Soft Baked Chocolate Chip Almond Breakfast Cookies

Absolutely delish!

Soft Baked Chocolate Chip Almond Cookies

½ cup gluten-free old fashioned oats

1 cup almond meal (Trader Joes or any health food store….. Or make your own in under 10 seconds)

½ cup ground flaxseed meal (any major grocery store chain)

¼ cup mini semisweet or dark chocolate chip (non dairy choc. Chips optional)

½ tsp baking soda

½ tsp baking powder, double acting

1/8 tsp fine sea salt

½ cup raw unsalted almond butter

¼ cup unsweetened almond milk or milk of choice

2 tablespoons raw organic agave nectar, honey or sweetener of choice

1 tsp almond extract (vanilla works)


Preheat oven to 350 degrees and line two large baking sheets with parchment paper.

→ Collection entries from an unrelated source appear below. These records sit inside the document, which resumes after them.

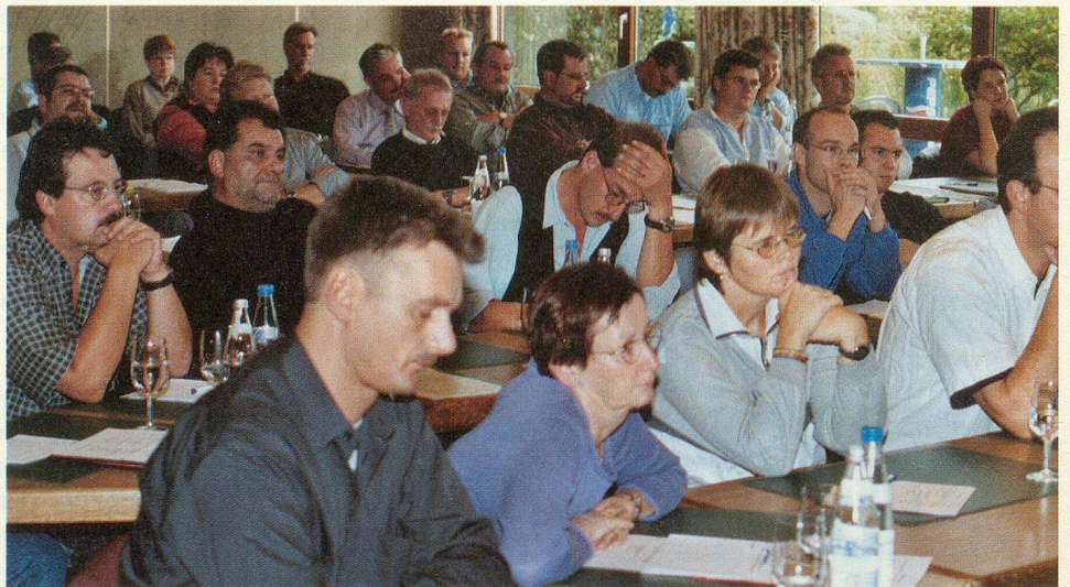
Mit 60 interessierten und mit mitgehenden Teilnehmenden aus dem ganzen Kanton wurde wieder eine glänzende Beteiligung verzeichnet.

Das macht die Aufgabe der Chefs ZSO nicht leichter, sowenig wie die noch nicht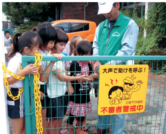
子どもたちと共に取り付け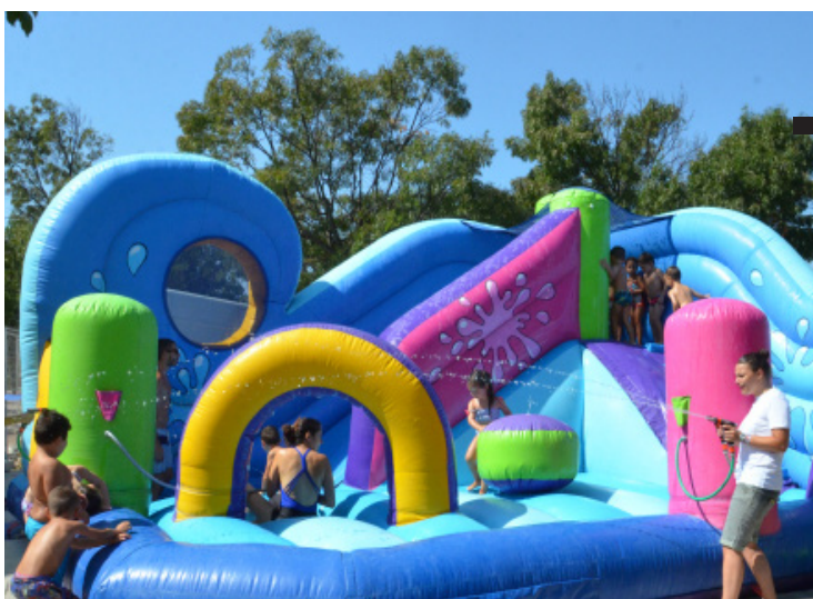
Installation de jeux gonflables

Depuis son ouverture, le centre aéré Bernadette et Georges Roux a accueilli des dizaines d'enfants. Durant la période estivale, les bambins ont pu se divertir grâce à différentes activités, lors du stage ados 2018. Au programme : Bubble bump, aqua glisse mais aussi des sorties au bowling de Plan-de-Campagne ou à l'Aquapark de Peyrolles. Sourires, éclats de rire et amusement étaient au rendez-vous.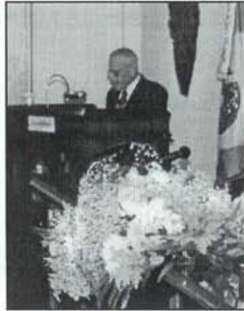
“Causas e Reflexos da Segunda Guerra Mundial” General-de-Exército JONAS CORREIA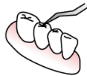
歯周ポケットの測定検査

歯周病になると歯と歯肉の間の溝(歯周ポケット)が深くなり、その中に歯石が溜まります。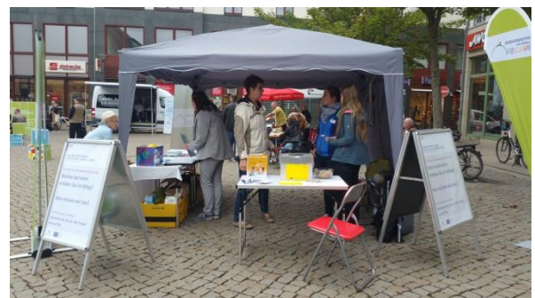
Der Stand des Örtlichen Teilhabemanagements und des Aktionsbündnisses „Landkreis Harz inklusiv“ auf dem Aktionstag für Barrierefreiheit.

Um mit den Menschen im Landkreis ins Gespräch zu kommen und von ihren Erfahrungen und Problemen bei der Teilhabe zu erfahren, führten wir am 14.09.2018 beim 9. Aktionstag für Barrierefreiheit eine Umfrage durch. Welche Antworten wir auf die Frage „Welche Barrieren erleben Sie im Alltag?“ erhielten, können Sie hier nachlesen.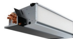
PAW - FC ... - D ... VENTILO-CONVECTEUR Moyenne pression statique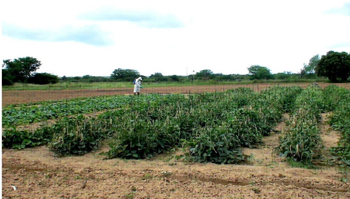
Figura 1: Visão geral do experimento em campo contendo as gerações F 1 e F 2 , os retrocruzamentos RC 1 e RC 2 e os parentais BRS Carijó e BR14 Mulato. (Overview of the field experiment containing F 1 and F 2 generations, the RC 1 and RC 2 backcross and BRS Carijó and BR14 Mulato parentals.)

Tabela 1. Estimativa do coeficiente de correlação fenotípica entre os caracteres dias para maturação de vagem (DPM), comprimento do ramo principal (CRP), comprimento do ramo secundário (CRS), número de ramos secundários (NRS), número de nós do ramo principal (NOS) e peso de grãos (PG) nas populações F 2 , RC 1 e RC 2 do cruzamento entre BRS Carijó e BR14 Mulato. (Estimates of phenotypic correlation coefficient between the characters days to maturity (DPM), main branch length (CRP), length of the secondary branch (CRS), branch number (NRS), number of main branch node (NOS) and grain weight (PG) in F 2 , BC 1 and BC 2 populations of the cross between BRS Carijó Mulato and BR14). Petrolina, PE, 2011.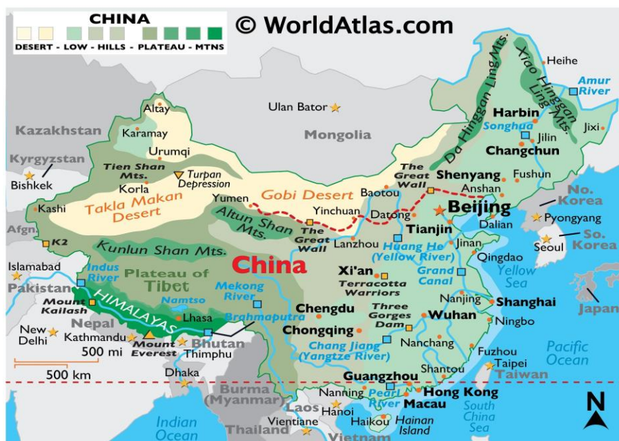
Рис. 2. Природно-географическая карта КНР

Из всех доступных комбинаций по сдерживанию Китая наиболее эффективными следует признать вопросы полуострова и региона южно-китайского моря. Как можно увидеть на физической карте ниже, для этого существует подробное объяснение почему: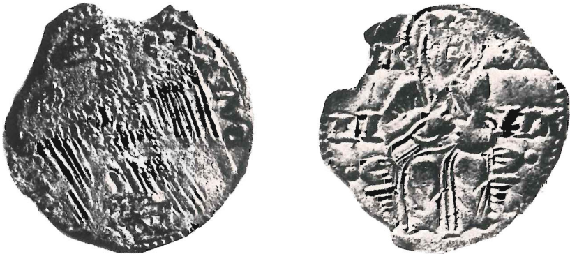
Fig. 2 - Imitazione dello stesso (I esemplare).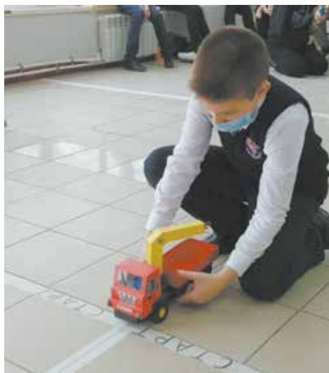
В Tatar Dakar на старт могут выйти КАМАЗы любой модели

Победители и призёры будут награждены грамотами управления образования города, остальные участники — сертификатами. Следующий конкурс «Битвы автогиганта» состоится через две недели. В ЦДТТ № 5 в знаниях и умениях будут соревноваться семьи, увлечённые техническим творчеством.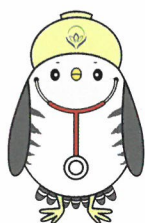
大学キャラクター 「ほいほいさん」

E-mail:hokeniryodaigaku@pref.kagawa.lg.jp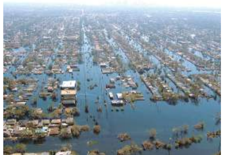
Vista aérea de Nova Orleans inundada quatro dias após passagem do furacão

Este projeto começou em 2018, quando se estudou as previsões de inundações na Índia, seguindo-se o projeto para o Bangladesh, tendo em vista ajudar a combater os danos catastróficos das inundações anuais. Perante os avanços dos modelos globais, com base na cartografia, hidrografia, espectrometria via satélite, previsões matemáticas meteorológicas, entre outros, ao qual se junta a previsão IA e aprendizagem do próprio sistema, a Google, em 2022, aplicou e ampliou esta tecnologia a mais 18 países, abrindo assim caminho para a atual expansão global.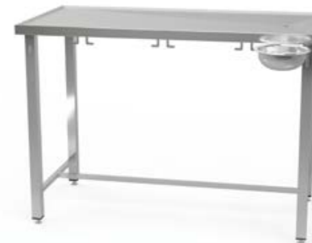
2 Stół centralny z uchwytami z blatem profilowanym z odpływem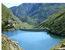
Lago di Malciaussia

Ci sono vari laghi nel territorio comunale, sia naturali che artificiali. Il più grande di questi ultimi è quello di Malciaussia, creato tra le due guerre quando venne costruita una diga per fare una centrale idroelettrica, sommergendo tra l'altro la vecchia frazione.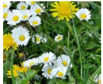
In Langenzersdorfer Grünanlagen entstehen Blumenwiesen.

Blumenreiche Wiesen zählen zu den schönsten Bestandteilen unserer Kulturlandschaft. Was wir im Urlaub bewundern und lieben, schätzen wir kaum im eigenen Garten. Jedes Gänseblümchen, jeder Löwenzahn, jedes „Unkraut“ wird erbarmungslos verfolgt und mit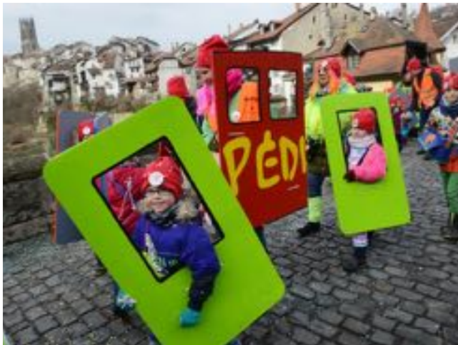
Carnaval des Bolzes, Fribourg

Sous la pluie, c'est chouette aussi! A l'automne 2018, tous les enfants des lignes Pedibus ont reçu une pèlerine.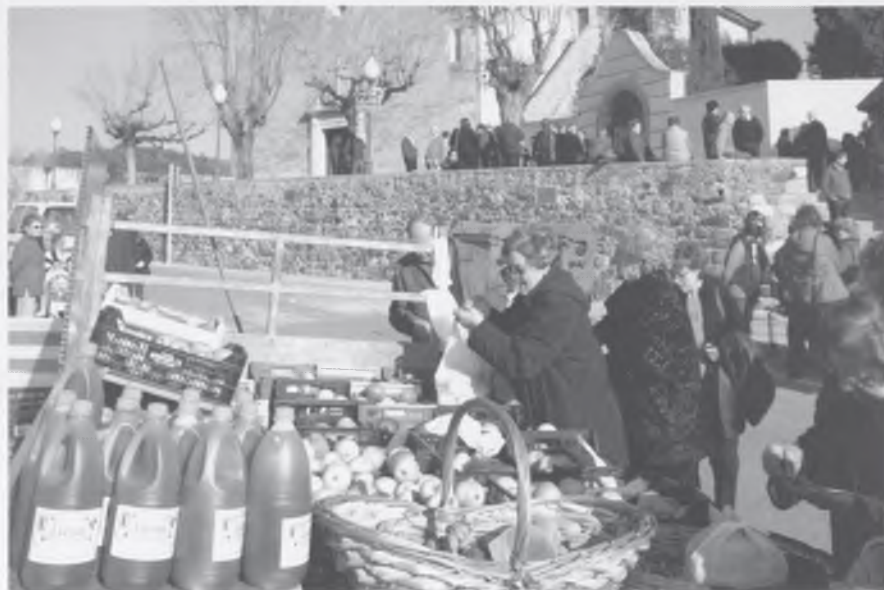
Dues instantànies de la Marxa i de la Festa.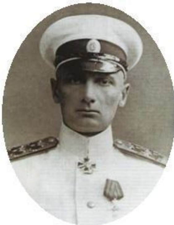
Адмирал Александр Васильевич Колчак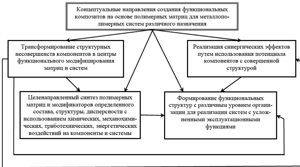
Рис. 1. Концептуальные направления создания функциональных композитов на основе полимерных матриц для металлополимерных систем.

основе полимерных матриц промышленного производства.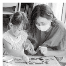
フォトフレームづくりの様子

児童館では、地域の多くの皆さまのお手伝いをいただきながら様々な行事を行っています。ぜひご参加ください。お待ちしております♪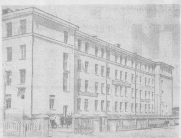
Ташкил қилинган Қўриқ қўриқчилар заводи посёлкида 900 ўқувчига мўлжалланган янги мактаб биноси қурилди. Суратда: «Октябрь» 40 йиллик мактаби биносининг умумий қурилиши.

Партия ва ҳукуматимизнинг қарорини билан мамлакатимизнинг турли районларидан бу ерга минглаб ва таъинларварлар келиб ишламоқдалар. Улар қарқаб ётган ерларни ўзлаштиришда, чўл бағрига суя чиқаришда, қолхоз, совхозлар ташкил қилишда, янги шаҳар ва посёлкалар барпо этишда зўр жонбозлик кўрсатаётдилар.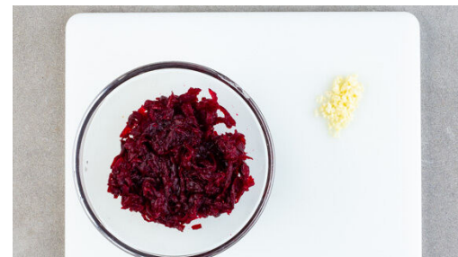
2. Rote Bete reiben

Die Rote Bete und den Knoblauch in der Pfanne mit 1EL Olivenöl bei mittlerer Hitze 2-3Min. braten. Mit 1EL Balsamicoessig ablöschen und mit Salz und Pfeffer abschmecken.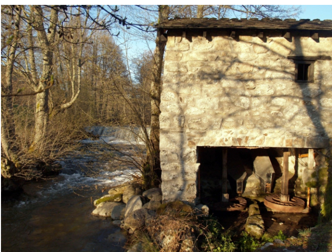
Muíño no río Xares. A Veiga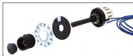
Commutatore per selezione 12 gruppi da 5 setpoint. Selector switch for 12 groups selection by 5 setpoint.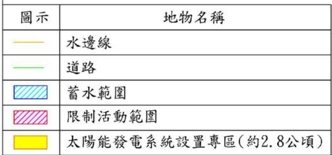
附圖一 湖山水庫太陽能發電系統設置專區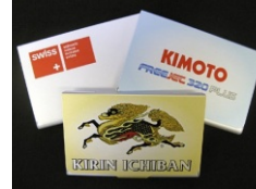
plastic sau metal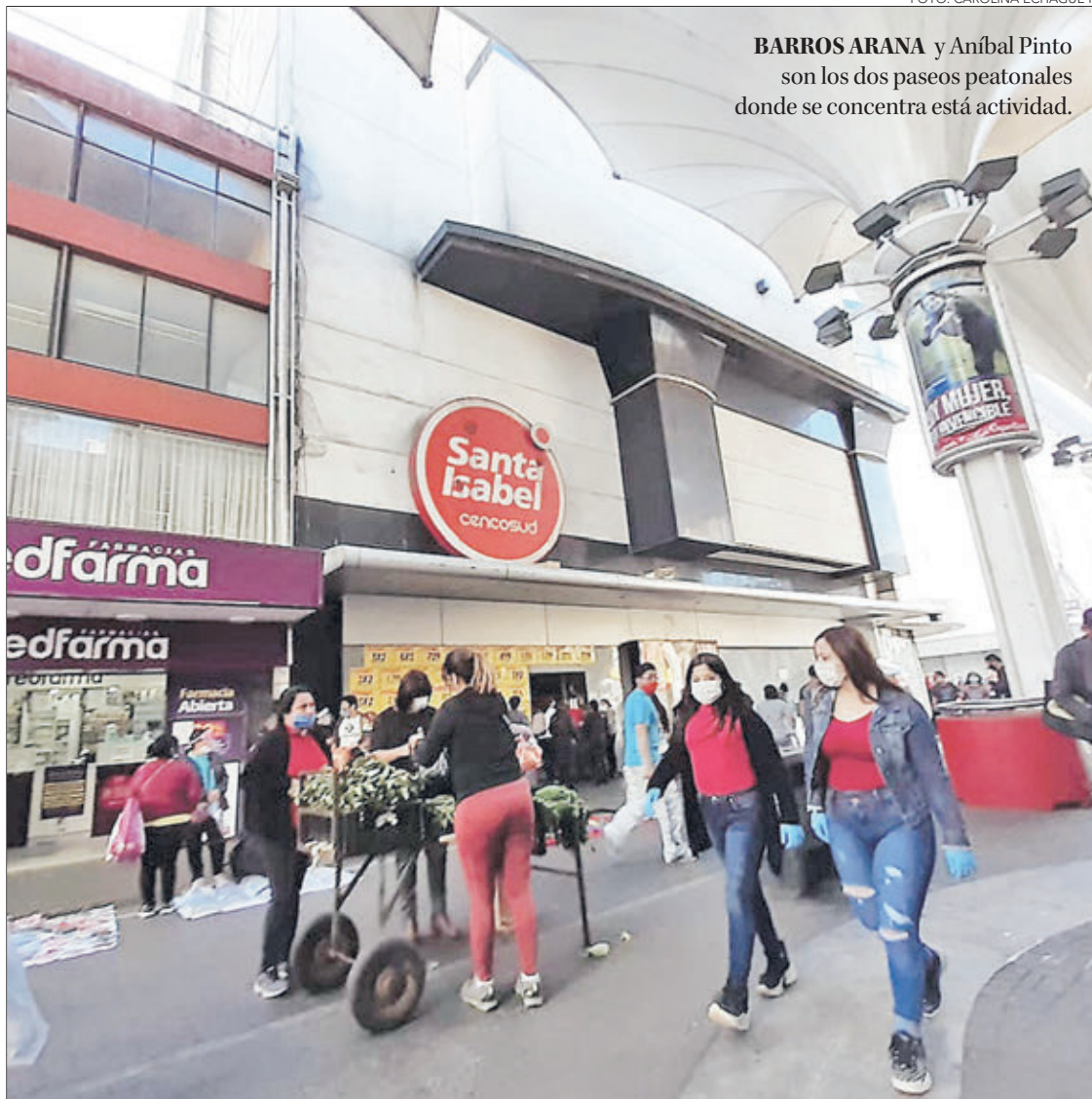
BARROS ARANA y Aníbal Pinto son los dos paseos peatonales donde se concentra esta actividad.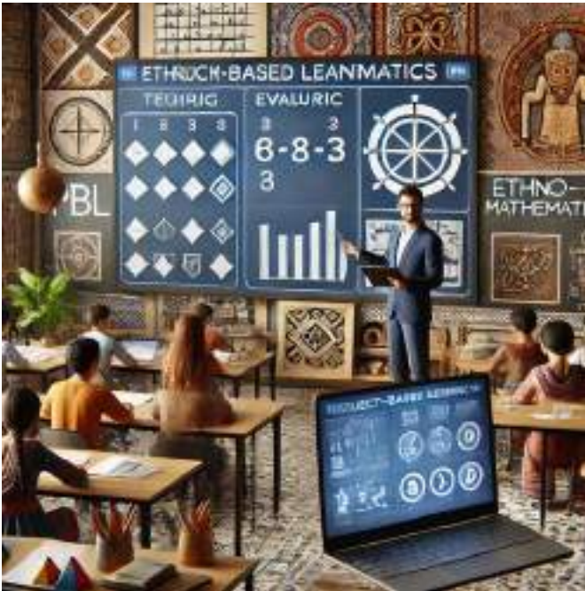
Gambar 6.2 Pemanfaatan Data dan Teknologi untuk Penilaian PBL yang terintegrasi Etnomatematika

Terakhir, guru perlu memperbarui pengetahuan dan keterampilan mereka melalui pelatihan dan studi lanjut. Ningsih & Siti (2021) menegaskan pentingnya pelatihan guru untuk memahami praktik terbaik dalam PBL yang terintegrasi etnomatematika dan mengikuti perkembangan terbaru dalam model pembelajaran ini. Guru yang terus meningkatkan kompetensi mereka akan lebih siap menghadapi tantangan dalam implementasi PBL yang terintegrasi etnomatematika.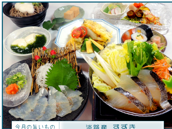
今月の旨いもの 淡路産 すずき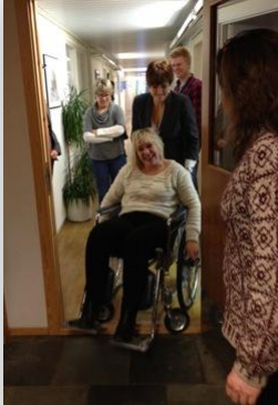
Kurs for kommunepolitikerne i Alta kommune, 2012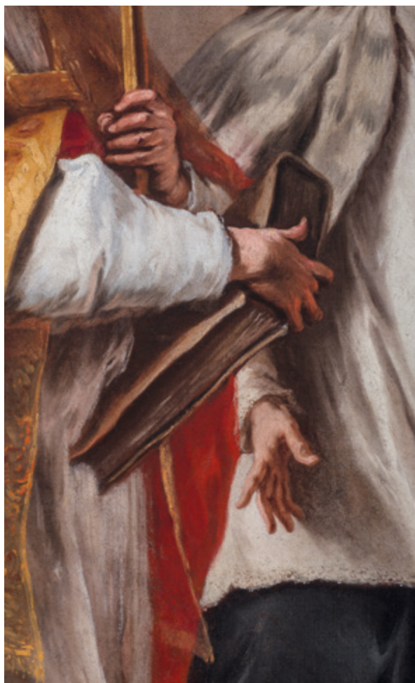
15. - 16. Detalji nakon radova Details after conservation

boje. Stari zakiti su se raspucali, retuši i damar-lak kojim su slike bile lakirane, potamnili i izgubili prozornost, a vezivna snaga voštano-smolne mase za dubliranje popustila. Rastopljena veća količina voštano-smolne mase koja je tijekom dubliranja prošla kroz pukotine s poledine na lice slike, gotovo da i nije bila uklonjena, već je bila prekrivena lakom. Retuš je prekrivao veće, neoštećene zone izvornog slikanog sloja, kao i ostatke voska od dubliranja na licu. Sve tri slike u cjelini su izgledale trošno, ugasla kolorita i umrtvljene slikarske geste čija se živost nazirala pod slojevima lakova, retuša i nečistoće.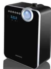
Увлажнитель воздуха RHF-3306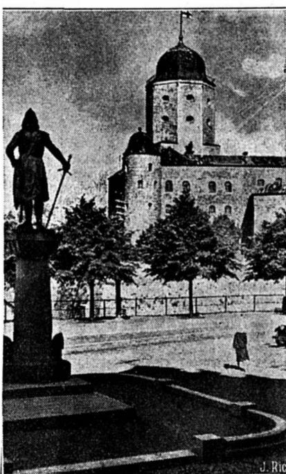
Le château de Viborg ville qui vient d'être reprise par les Finlandais.

sions font admettre qu'un important dépôt de munitions a été détruit. Au cours d'une attaque aérienne sur un embranchement de la ligne de Mourmansk, trois locomotives ont été détruites. En outre, les avions finlandais ont atteint des colonnes ennemies. Sur la partie sud de l'isthme de Carélie, deux avions ennemis ont été détruits.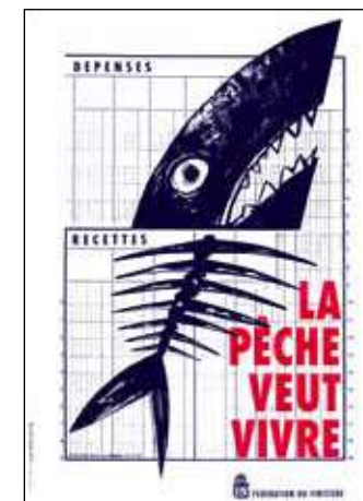
Affiche Alain Le Quernec La pêche veut vivre - 1995.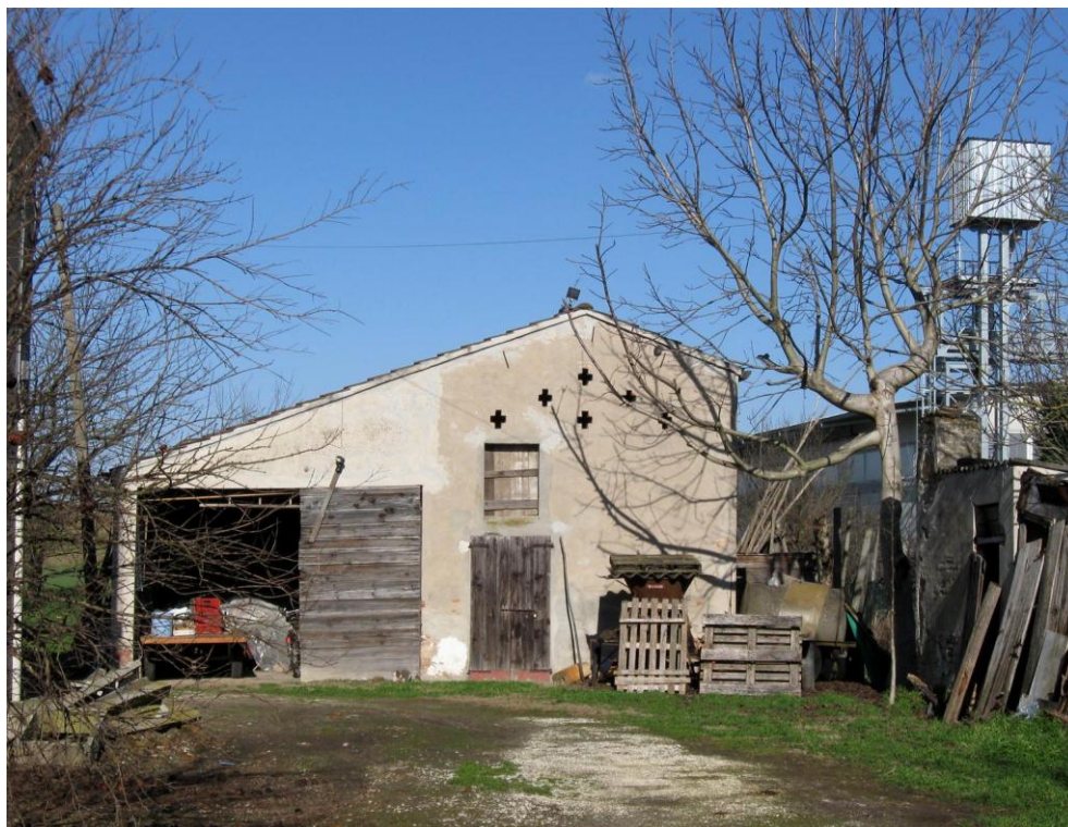
Oggetto Fabbricato ad uso proservizi (8): fronte sud

In a mini food processor, grind the oats into fine flour.

In a medium-size bowl, combine the dry ingredients (oats through salt)

Add the remaining wet ingredients and stir until well incorporated.  The dough should be sticky.

Using a tablespoon scoop one heaping tablespoon of batter at a time onto a baking sheet, leaving 2 inches or more of space between cookies. Using your fingers, shape into round flat saucers.

Bake for 7 minutes.

Allow to cool for 5 mins on baking sheets, then transfer with spatula to a wire cooling rack and cool for an additional 5 minutes.

Makes approx. 23 cookies.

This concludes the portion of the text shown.